(Records from a collection)

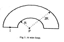 - Magnetic field using Biot-savart's law: A loop of wire has the shape of two concentric semicircles connected by two radial segments (Fig.1). The loop carries current $I$ as shown. Find the magnetic field at the point $P$ using the law of Biot-Savart.
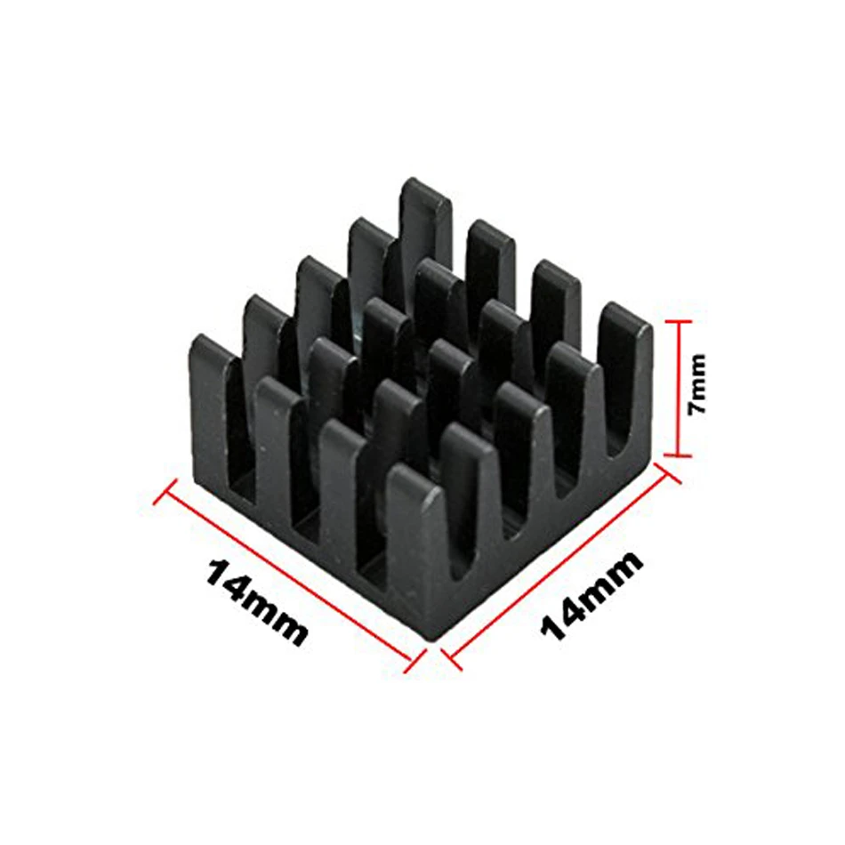Specifications: Color: black Size: 14 x 14 x 7 mm long * wide * high Material: Aluminum Alloy Compatible with : for raspberry PI 2, raspberry PI B/B+, raspberry PI A/1+Bridge North VGA RAM, MOSFET, DC hoist power converter, power converter, LED lamp, etc. Package inclusion: 10 x aluminium alloy heatsink
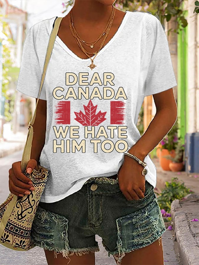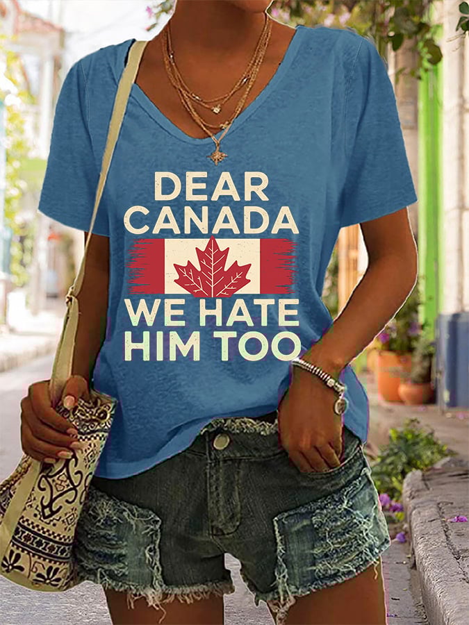 Women's Retro Dear Canada We Hate Him Too Print T-Shirt
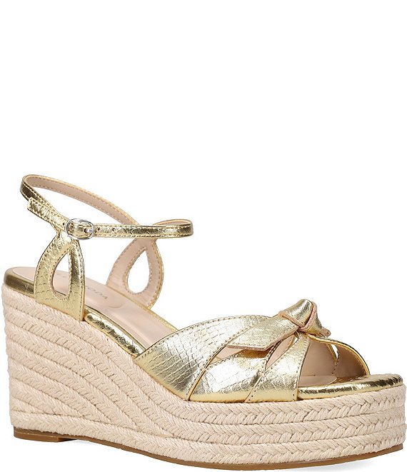 From Pelle Moda, the Elbie Snake Embossed Metallic Leather Bow Platform Espadrille Wedge Sandals feature:
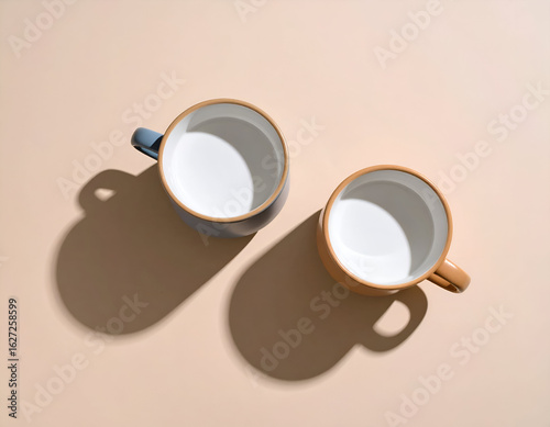 Minimalist flat lay of two empty ceramic cups on a pastel beige background with strong, defined morning light shadows.

_Activity:_
Could you reproduce every record above exactly, leaving out any pictures?

_Result of the exercise:_
 - Magnetic field using Biot-savart's law: A loop of wire has the shape of two concentric semicircles connected by two radial segments (Fig.1). The loop carries current $I$ as shown. Find the magnetic field at the point $P$ using the law of Biot-Savart.
Specifications: Color: black Size: 14 x 14 x 7 mm long * wide * high Material: Aluminum Alloy Compatible with : for raspberry PI 2, raspberry PI B/B+, raspberry PI A/1+Bridge North VGA RAM, MOSFET, DC hoist power converter, power converter, LED lamp, etc. Package inclusion: 10 x aluminium alloy heatsink
 Women's Retro Dear Canada We Hate Him Too Print T-Shirt
 From Pelle Moda, the Elbie Snake Embossed Metallic Leather Bow Platform Espadrille Wedge Sandals feature:
 Minimalist flat lay of two empty ceramic cups on a pastel beige background with strong, defined morning light shadows.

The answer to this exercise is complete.